* **What you are asked to do**
In duplicating the lines below, keep every word unchanged and drop the pictures.

(Dataset extract)

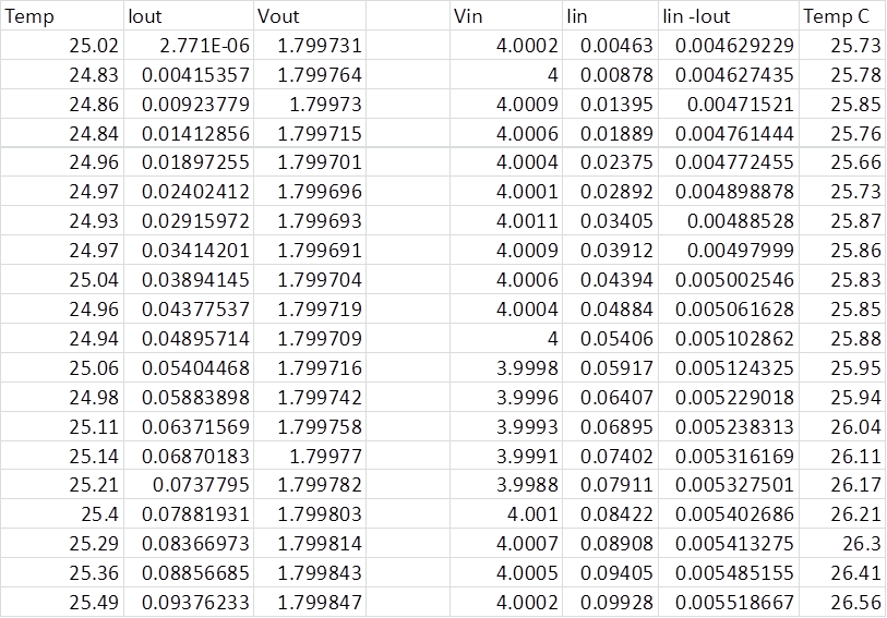 The DPS output voltage channel is set by default to adjust Vout to the set value (4.0V) here in 3 iterations. The voltage setting resolution is 12bits while the measurement resultion is 23bits with an averaging count of 4. The ADC conversion time is 0.5ms in and delays are insrted between successive measurements (1ms) to allow stabilization.
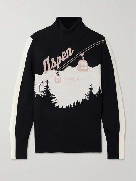 We Norwegians' sweater is jacquard-knitted with the 'Aspen' and cable cars against a snowy backdrop, so it's perfect for aprés-ski. It’s made from merino wool, which has an ultra soft handle, and is designed for a cozy slim fit with a chunky turtleneck.
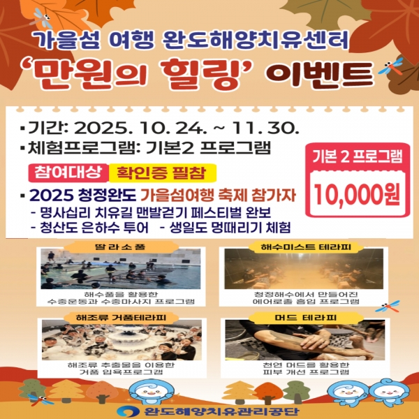 [남도저널] 양용숙 기자 =완도해양치유센터에서 10월 24일부터 26일까지 개최되는 ‘2025 청정 완도 가을 섬 여행’과 연계해 ‘만원의 힐링’ 이벤트를 진행한다.
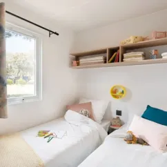 - Enfants : 2 x 2 Lits simples, oreillers et couvertures fournis
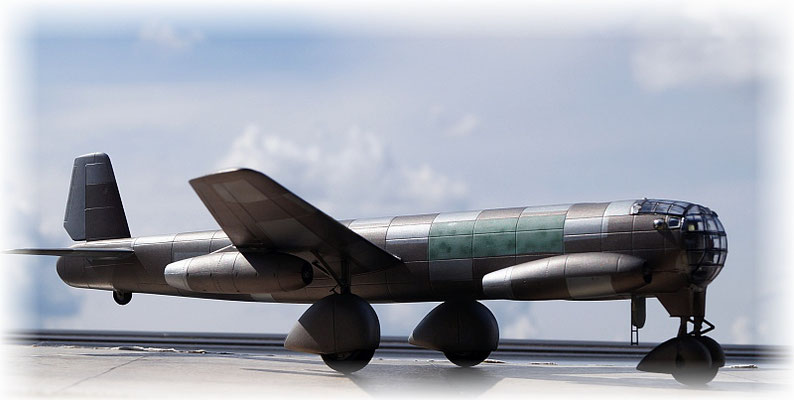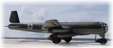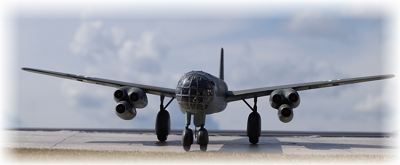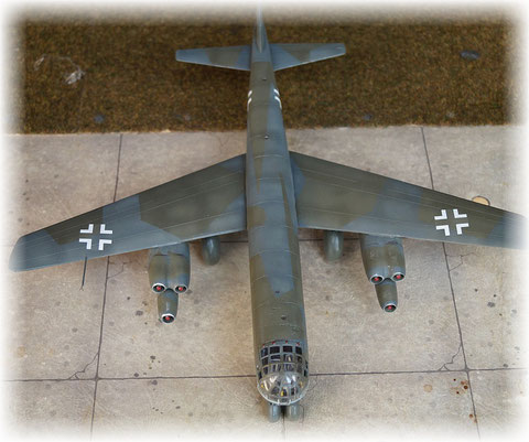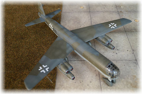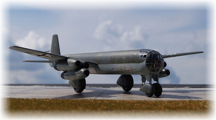 Das Modell der Ju 287 erschien bei Huma vor ca. 30 Jahren. Es ist mit feinsten filigranen Plastikteilen für das Cockpit ausgestattet. Die Passung ist gut. Huma hat als Modell ausschließlich die Ju 287 V1 dargestellt. Sie kann aber in verschiedenen Ausrüstungs- und Bemalungszuständen gebaut werden. Ich habe mich an Fotos der Endmontage in Brandis orientiert, die Maschine hat noch keinen Tarnanstrich.
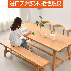北欧实木餐桌餐厅长方形原木多人吃饭桌子民宿大型聚会...
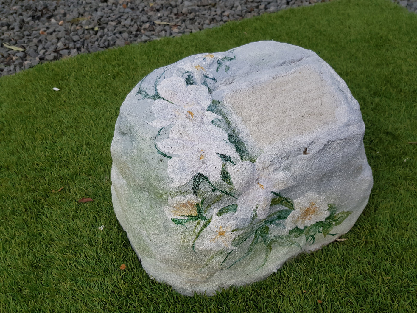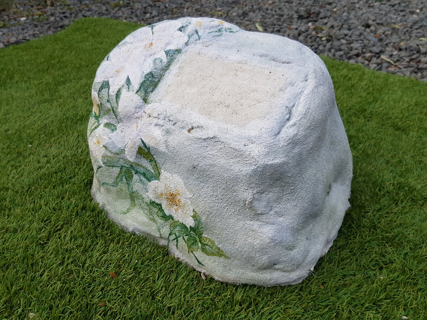 Memorial Rock Urns are a loving practical alternative for the safe keeping of a loved one's ashes. This Memorial Rock Urn has a small internal sealed container for partial ash interment. This Partial Ash Urn Memorial rock has an incorporated flat space for a 100 mm x 75mm x4.5mm industry standard bronze plaque. PLAQUE SOLD SEPARATELY Proudly...

(End Dataset extract)

* **Response to this task**
 The DPS output voltage channel is set by default to adjust Vout to the set value (4.0V) here in 3 iterations. The voltage setting resolution is 12bits while the measurement resultion is 23bits with an averaging count of 4. The ADC conversion time is 0.5ms in and delays are insrted between successive measurements (1ms) to allow stabilization.
 We Norwegians' sweater is jacquard-knitted with the 'Aspen' and cable cars against a snowy backdrop, so it's perfect for aprés-ski. It’s made from merino wool, which has an ultra soft handle, and is designed for a cozy slim fit with a chunky turtleneck.
 [남도저널] 양용숙 기자 =완도해양치유센터에서 10월 24일부터 26일까지 개최되는 ‘2025 청정 완도 가을 섬 여행’과 연계해 ‘만원의 힐링’ 이벤트를 진행한다.
 - Enfants : 2 x 2 Lits simples, oreillers et couvertures fournis
 Das Modell der Ju 287 erschien bei Huma vor ca. 30 Jahren. Es ist mit feinsten filigranen Plastikteilen für das Cockpit ausgestattet. Die Passung ist gut. Huma hat als Modell ausschließlich die Ju 287 V1 dargestellt. Sie kann aber in verschiedenen Ausrüstungs- und Bemalungszuständen gebaut werden. Ich habe mich an Fotos der Endmontage in Brandis orientiert, die Maschine hat noch keinen Tarnanstrich.
北欧实木餐桌餐厅长方形原木多人吃饭桌子民宿大型聚会...
 Memorial Rock Urns are a loving practical alternative for the safe keeping of a loved one's ashes. This Memorial Rock Urn has a small internal sealed container for partial ash interment. This Partial Ash Urn Memorial rock has an incorporated flat space for a 100 mm x 75mm x4.5mm industry standard bronze plaque. PLAQUE SOLD SEPARATELY Proudly...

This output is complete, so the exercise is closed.